Bangladesh Fencing Association
- Abbreviation: BFA
- Formation: 2007
- Headquarters: Dhaka, Bangladesh
- Region served: Bangladesh
- Official language: Bengali
- Website: https://fencingbangladesh.org/

= Bangladesh Fencing Association =

Sports governing body

Bangladesh Fencing Association is the national governing body of Fencing in Bangladesh. It is affiliated with the Bangladesh Olympic Association and the International Fencing Federation.

== History ==
Bangladesh Fencing Association was established in 2007. The president was Lieutenant General A. T. M. Zahirul Alam and the general secretary was Major Qamrul Islam.

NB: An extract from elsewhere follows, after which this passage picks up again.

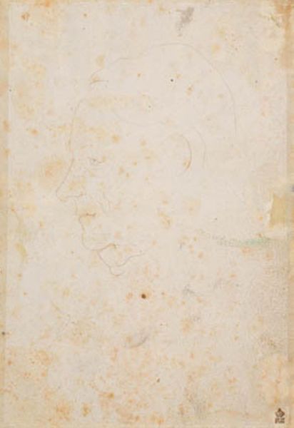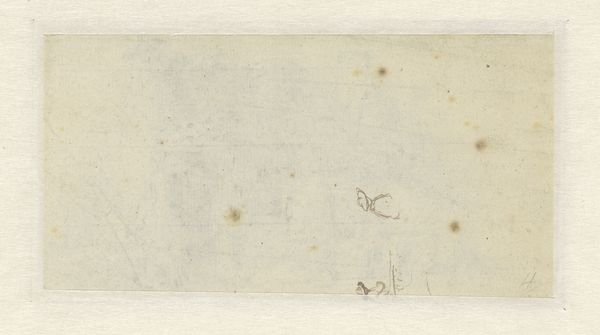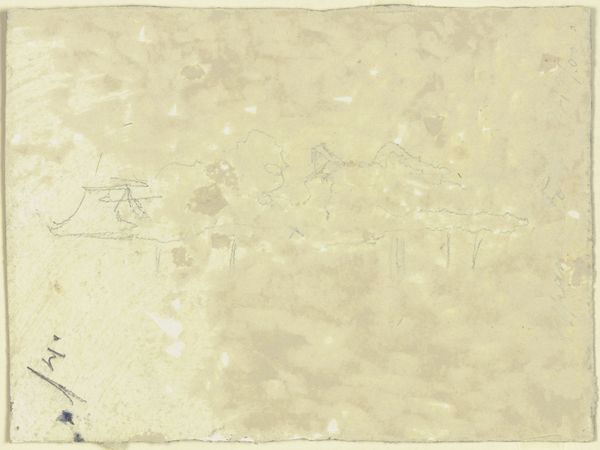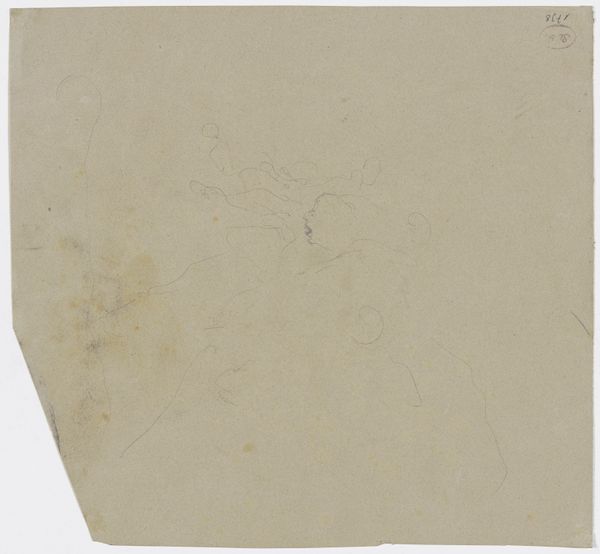 Curator: Let’s turn our attention to this compelling, although somewhat enigmatic, piece by Hans Thoma entitled "Studies of Figures." It is rendered with ink and stain on paper. Editor: First thought? Feels like peering through fog. An exercise in controlled accidents. All this bare paper whispers rather than shouts, which I quite enjoy. Curator: Indeed. Its abstraction is notable, especially when considered against Thoma’s broader body of work. The monochrome palette further focuses our attention on the materiality, and the tonal variations across the surface. What do you make of the composition? Editor: You know, compositionally it teeters on the edge of chaos. Are those intentional marks on the paper? Or incidental, even accidental? I find my eye dancing, searching for some resolution. Yet, that search is strangely satisfying! Curator: Observe the faint geometric forms hinted at beneath the stain. Their presence suggests a conscious effort to impose order, to bring the organic nature of the stain into conversation with structured shapes. The tension intrigues. Editor: That tension’s the heart of it, isn’t it? Order wrestling with chance. Like life! Curator: Precisely! The staining technique here invites a discourse around chance and control. By its nature, the application creates unique textures, disrupting traditional picture-making. Editor: The overall effect... the translucence almost evokes something ancient, like the backing of a faded manuscript found after ages. A strange blend of something very immediate mixed with the impression of witnessing something long, long gone... Curator: An insightful observation, reflecting perhaps Thoma's ambition to merge modern techniques with a romantic yearning for historical context and deeper symbolic layers. It makes you wonder what exactly he intended to figure out when making his "studies"... Editor: It is indeed a mysterious creation. Each time I cast a glance in its direction I find something novel to contemplate!

The first participants were from Bangladesh Ansar and Village Defence Party Club.

President of the association, A. T. M. Zahirul Alam led the 23 member delegation of Bangladesh to the Rio Olympics in 2016.

In September 2017, Shoeb Chowdhury was appointed President of Bangladesh Fencing Association; he was serving as the vice-president of the association. Sheob is the chairman of Daily Asian Age and a director of Special Olympics Bangladesh.

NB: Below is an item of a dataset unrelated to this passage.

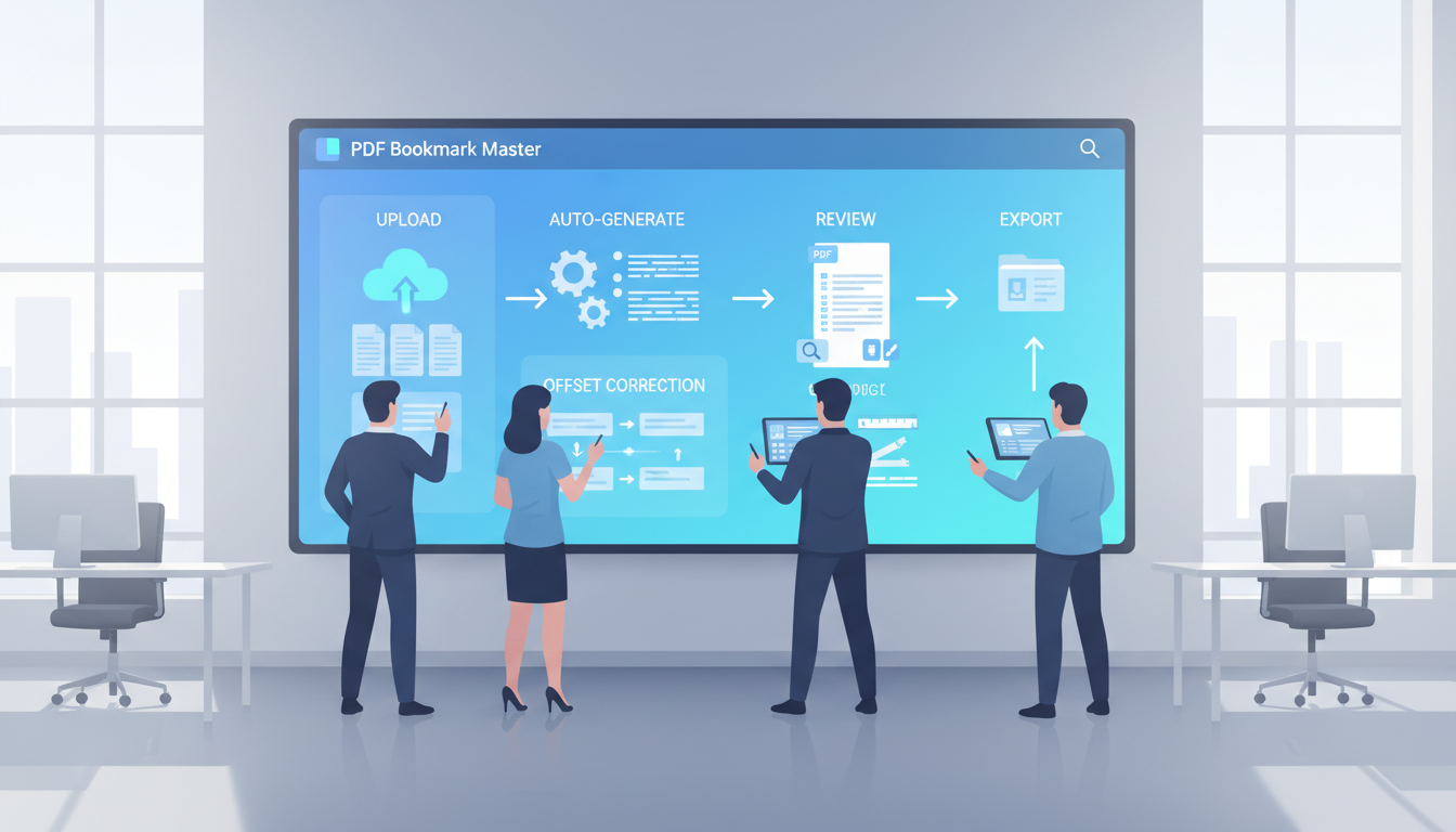 A team-ready PDF processing workflow that combines auto bookmark generation, review, offset correction, and export in one place.
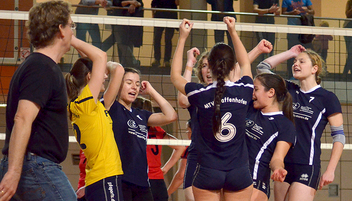 Dank an dieser Stelle an den erfolgreichen Ersatzcoach (und Ex-Damen-Spielerin) Irmi Sigl (ehem.Burkhardt)! E-männlich: Die bisher beste Leistung der Saison zeigte beim heutigen 3.Spieltag in Manching die männl. E-Jugend. Bisher war es der jungen, mit drei F-Jugend-Spielern antretenden Mannschaft, nicht gelungen, in vier Spielen einen Satz zu gewinnen...im heutigen 1.Spiel gegen den Gastgeber aus Manching sollte dies jedoch endlich gelingen. Vor allem mit einer durch das Training der letzten Woche stark verbesserten Aufschlag-Quote feierte man im 2.Satz mit 25:13 den Satzausgleich, und auch wenn der anschließende Tie-Break knapp verloren wurde, so präsentierten sich alle Spieler in aufsteigender Form. Noch mehr zu Feiern gab es dann - durchaus etwas unverhofft - in der zweiten Partie gegen die "Erste" der beiden Teams ![]() Großer Jubel über den ersten Saisonsieg gegen den MTV München FOTO: Berger vom MTV München. Gegen den etwas reiferen, aber auch merklich lustloseren Gegner kam in Reihen der Pfaffenhofener sogar noch einmal etwas mehr Ehrgeiz auf. Mit konstant guten Aufschlägen von oben (vor allem von Kapitän Florian Berger und Youngster Ruslan Mann) sowie einer verbesserten Laufarbeit konnten die Münchner zu jeder Zeit in Schach gehalten werden und der erste Saisonsieg in der neuen Mannschafts-Zusammenstellung war schließlich der Lohn der guten Tagesform. Uwe Lessel Es spielten: Florian Berger, Florian Maier, Ruslan Mann, Leo Ritzenthaler, Maxim Bogacev E-weiblich: Vor heimischem Publikum (erstmals überhaupt fand ein Volleyball-Spieltag in der neuen Halle der Mittelschule statt) durften sich heute die zwei weiblichen E-Jugend-Mannschaften präsentieren. Dabei

National Sports Council made an ad-hoc committee for the Bangladesh Fencing Association with 27 members on 12 August 2021. Shoeb Chowdhury was the president and Selim Omrao Khan was the general secretary of the association. They met the State Minister for Youth and Sports, Zahid Ahsan Russell, to inform him about the activities of the Bangladesh Fencing Association.

Fencing association became a Federation since 2022 and as so far National sports council made a new ad-hoc committee for Bangladesh fencing Federation with new members where the president is Md Major Qumrul Islam(retd) and general secretary is Md Basunia M Ashiqul Islam.

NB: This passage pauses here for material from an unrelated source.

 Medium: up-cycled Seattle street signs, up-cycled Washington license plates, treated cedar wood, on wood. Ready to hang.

In March 2022, the Bangladesh Fencing Association held the 4th Bangabandhu Independence Cup Fencing Competition at Shaheed Sohrawardi Indoor Stadium which was won by a team from Bangladesh Navy. It held the Bangabandhu 7th President Cup Fencing Championship in November.

In March 2023, the Bangladesh Fencing Association held the 5th Sheikh Kamal National Fencing Competition at the Shaheed Suhrawardi Indoor Stadium at Mirpur.